Can you please elaborate on this? What configuration options exist in this regard - Do you mean a configuration setting inside Firefox itself that can be later accessed by the web extension? We’ve made use of the localStorage in the background page to store the current configuration data, but can store/retrieve it elsewhere, if necessary.

These extensions will be signed, so no tampering then. However, what an organization does with the signed extension after the fact is another matter, and entirely up to them.

I appreciate the help.

I’m referring to the storage APIs offered by WebExtensions, which include localStorage. Firefox manages where the actual data is stored. Legacy add-ons would usually resort to custom files stored in the user profile, which would be harder to code and get right, but in a way are easier to modify from an external application.

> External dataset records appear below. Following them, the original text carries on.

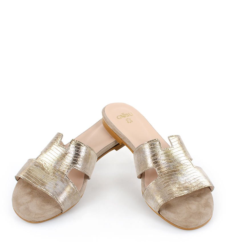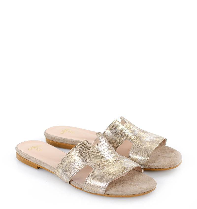 MELANIE – Złote klapki na płaskim obcasie
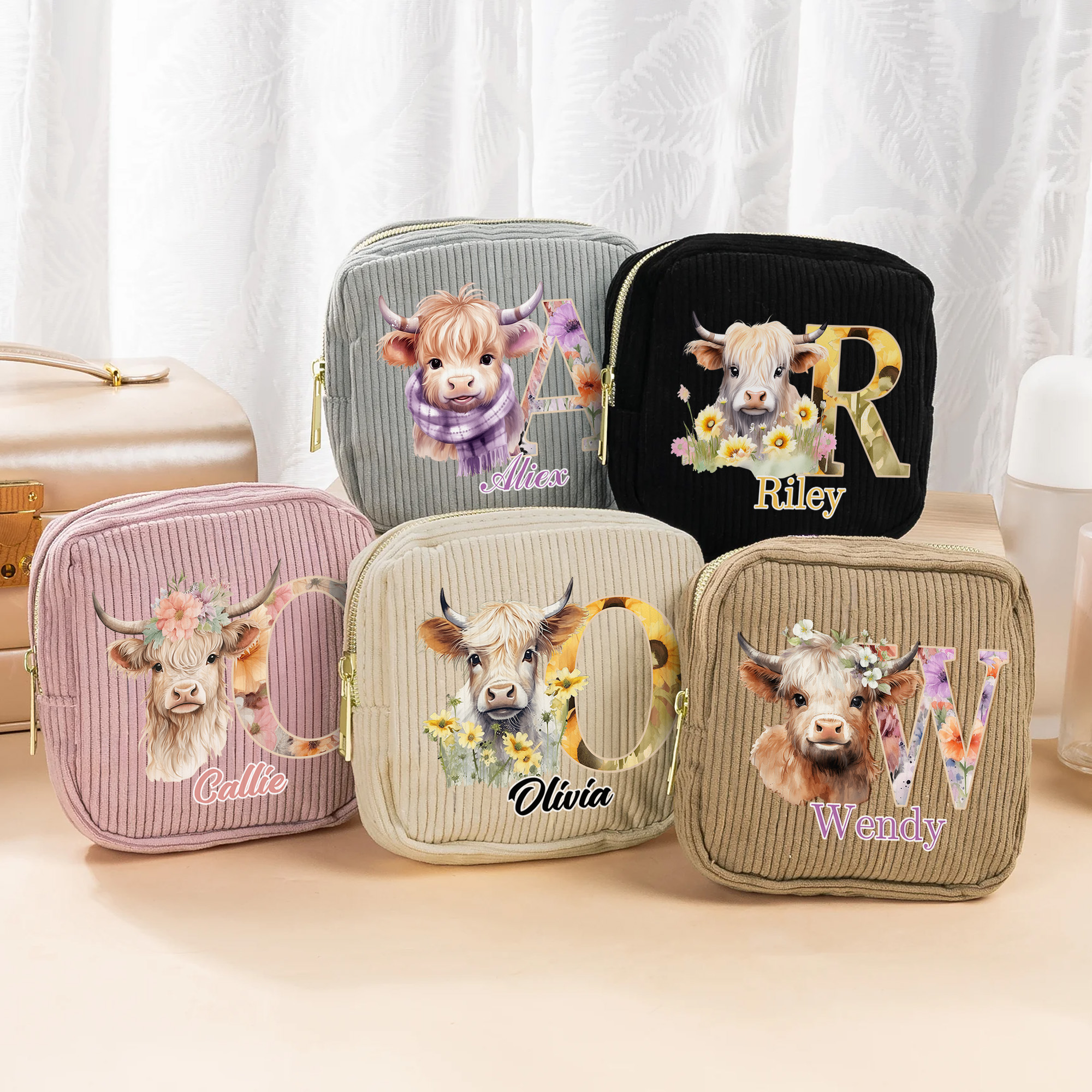 Personalizzato floreale iniziale Highland mucca quadrato velluto a coste borsa per il trucco con nome e cerniera viaggio regalo di compleanno per le donne amici
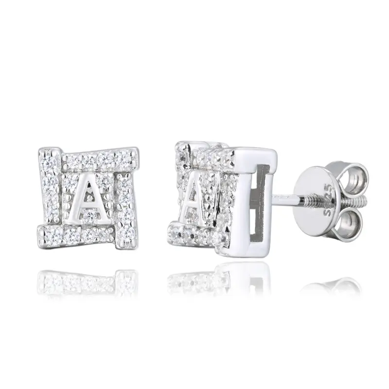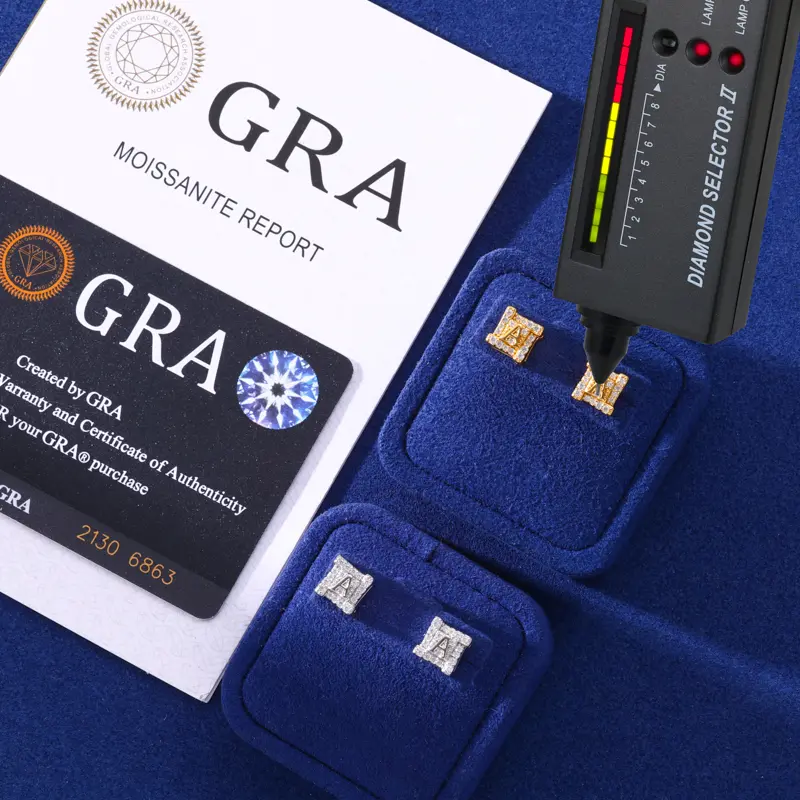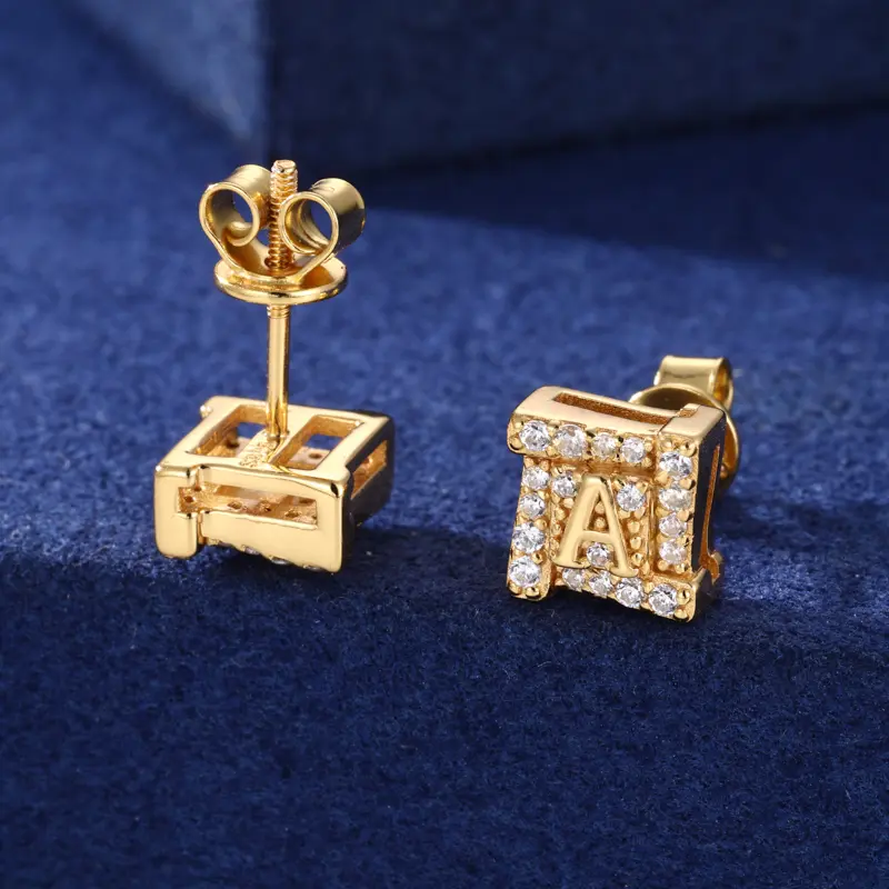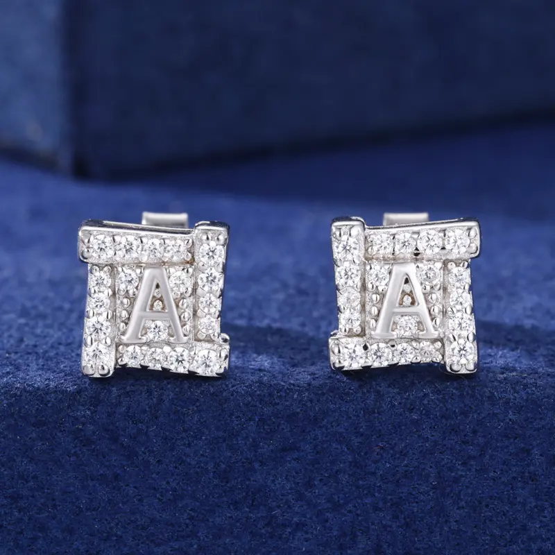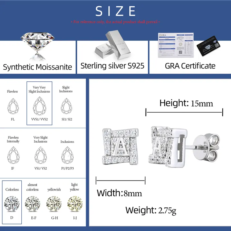 5. 【#E592】Square letter Ice Out earrings UCCIYO Synthetic Moissanite Earrings For Women 925 Sterling Silver Stud Earring Men Hip Hop Jewelry Couple Gift

There’s also an API request for chrome.storage.managed, which may be closer to what you want. If it is, I suggest making your case on that bug report.

The concern I have is that the storage APIs do not necessarily allow an IT admin to “push” data to them. While we can write data to them, and we do, I don’t see how this data can be easily pre-populated with certain configuration data the extension requires “out of the box”.

I’m making quite a few assumptions here, but one thing I’ve started looking into is the default/custom preferences, as noted here:
https://developer.mozilla.org/en-US/docs/Adding_preferences_to_an_extension

The standard for third-party preferences, such as those used in extensions, is to use the string “extensions”, a period, the name of the extension, another period, then a preference name, as seen in the example above.

And then through deploying the config to the appropriate folder, as noted here:
https://developer.mozilla.org/en-US/Firefox/Enterprise_deployment

Create a JavaScript file in defaults\pref (on Windows), Firefox.app/Contents/Resources/defaults/pref (on Mac), or defaults/pref (on Linux) (by convention, autoconfig.js; other filenames will work, but for best results it should be early in the alphabet.)

Admins should technically be able to place the preferences in that file and push it out to end-users. The question I have though it whether or not these preference values can be read by the extension itself. I’m assuming yes, though the docs are still AddOn-heavy, so I’m not certain if this is supported by the WebExtension approach.

Another question is what the “name” of the extension is, which is important when specifying the preferences. As mentioned above, it’s “the name of the extension”. If this is specified in the manifest, I fail to see where. There are the “name” and “short_name” properties, but that doesn’t seem to be the intended use, as the value of those can be “whatever I want it to be” (literally).

The example I’ve seen:

pref(“extensions.stockwatcher2.symbol”, “GOOG”);

Where is this “stockwatcher2” extension name coming from? Of course, if we cannot access these preferences in the extension in the first place, this is all moot.

Thanks!

If you’re going with a WebExtension (which we strongly recommend), you won’t be able to access preferences, so you can rule that out. Since you need to push data to them, I think your best bet is chrome.storage.managed, which is being discussed in this bug and could use some advocacy and examples of real-life applications. We’re also looking into file read/write APIs on this bug, which would allow your extension to store settings in an external file that can be modified by another application.

Thanks, Jorge. I was afraid that might be the case.